Forty-one posts later…
…I have spent some time rereading the titles of the forty-one blog posts I have written this year and cherry-picked a few to reread so that I would have some sense of how to tie up in a neat bow my adventure in blogging this year. Rather than regurgitate that which you are welcome to reread yourself, I though I would share an illustrative anecdote that took place last week:
I received an email a few weeks ago from the head of a community day school in the Midwest asking if I would be willing to Skype with her and her technology teacher about how our school began its path towards 21st Century Learning. I went through some of my prior blog posts, did a little searching on Twitter, reviewed a chapter or two in Curriculum 21 and scheduled the call. We had a lovely hour-long chat on Skype – during which I had occasion to reference, among other things, blogfolios, digital farms, back-channels, digital immigrants, nings, wikis and GoogleDocs. It was a very nice call and I look forward to continued collaboration with our new friends.
When it comes to reflecting on my own work and having that reflection made transparent – one raison d’être for having a blog in the first place – my big takeaway from this school year that was, is that prior to July of last summer, I would have been utterly unable to define any of the words highlighted in red let alone speak of them intelligently. The idea that during the course of one school year, I have come from almost utter ignorance to presenting at conferences and fielding requests for consultation is almost preposterous. And yet here we are…

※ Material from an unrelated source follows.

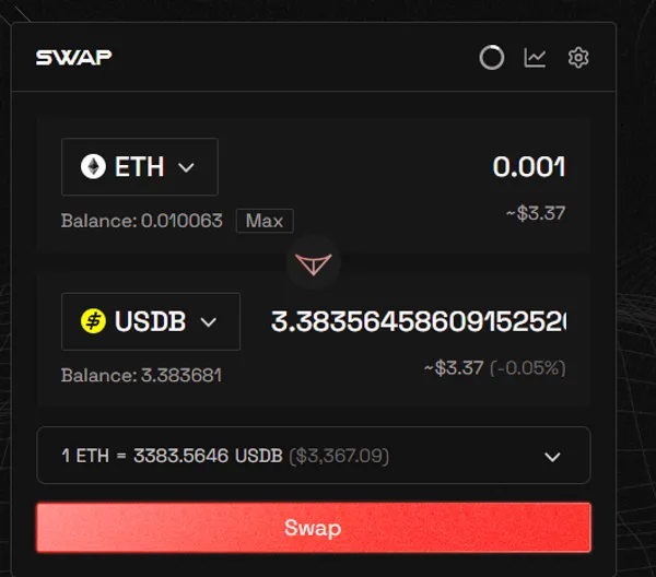 互動方式也很簡單,進入 Thruster 界面進行 Swap 互動即可。這裡推薦少量兌換 $USDB 和 其它任意幣種,之後互動其它板塊用得上。

There is nothing unique about me that allowed for this to happen. I promise. It took a village (and a book) to teach me basic skills and the (peer) pressure of trying to live up to the expectations already put in place by the school I had been hired to head. I kinda had no choice, but to begin blogging and Tweeting or else I’d be left behind my own teachers!
My story is really the story of the last two years of our school writ small. There was nothing particularly unique about our school that would have led you to conclude that it would one day stake out a leadership position in 21st century education. We were, and are, a relatively small K-8 Solomon Schechter Day School in the relatively small Jewish community of Jacksonville, Florida. And yet here we are…

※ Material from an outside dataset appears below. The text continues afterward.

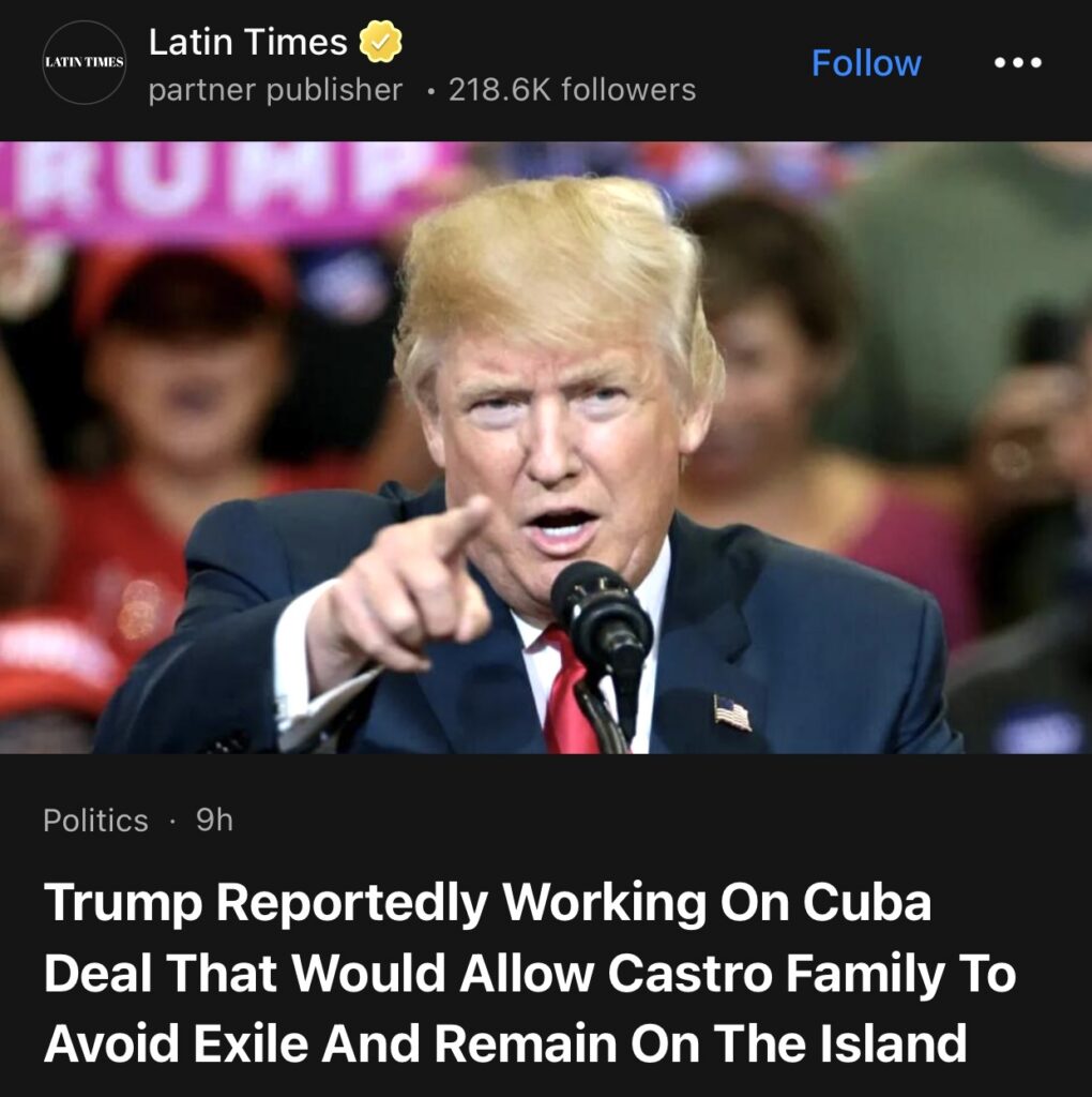 1。据报道,特朗普正在努力达成一项古巴协议,该协议将允许卡斯特罗家族避免流亡,并留在岛上。

It doesn’t take millions of dollars and it doesn’t take a surfeit of faculty. It doesn’t require expertise in advance and it doesn’t require knowing the end of the journey before you take the first step. You don’t need SMART Boards, iPads, and laptops to adopt a 21st century mindset. It is not about the “stuff” (not that the “stuff” doesn’t help…it does)!
We have tried in our school to stop using “21st Century Technology” as a synonym for “21st Century Learning”. Technology requires “stuff”; Learning requires “people”. It isn’t that the technology is unimportant – there are certain minimum thresholds of technology necessary to walk the path. But most schools can reach that threshold with creative budgeting and fundraising. Harder than accumulating the stuff is changing the paradigm. It doesn’t take an endowment to revolutionize your educational philosophy – it takes teachers, administrators, parents and students. And every school has those.

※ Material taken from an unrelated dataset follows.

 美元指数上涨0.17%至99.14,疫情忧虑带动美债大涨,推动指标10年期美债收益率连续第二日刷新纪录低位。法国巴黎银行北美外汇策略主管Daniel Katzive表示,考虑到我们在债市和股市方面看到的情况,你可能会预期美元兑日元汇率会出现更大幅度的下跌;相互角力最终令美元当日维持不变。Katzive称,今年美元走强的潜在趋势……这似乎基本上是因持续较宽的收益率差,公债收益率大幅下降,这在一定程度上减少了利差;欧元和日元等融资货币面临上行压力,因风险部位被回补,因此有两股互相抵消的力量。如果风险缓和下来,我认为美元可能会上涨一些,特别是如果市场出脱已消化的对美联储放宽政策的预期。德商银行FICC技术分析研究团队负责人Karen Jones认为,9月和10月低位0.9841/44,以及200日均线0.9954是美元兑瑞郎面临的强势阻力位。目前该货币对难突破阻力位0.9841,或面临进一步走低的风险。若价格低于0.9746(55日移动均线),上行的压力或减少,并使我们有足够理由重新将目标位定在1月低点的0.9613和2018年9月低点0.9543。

We have exciting plans here at the school for this summer and the year to come. I look forward to planting those seeds next week. As I prepare to turn the page on this school year and begin writing the chapter on the next, let me pause to thank those who read this blog and even more those who comment. I am frequently challenged trying to produce a blog post of sufficient quality each week to be worthy of publication. I don’t know that I always reach the goal, but I am always grateful for the opportunity.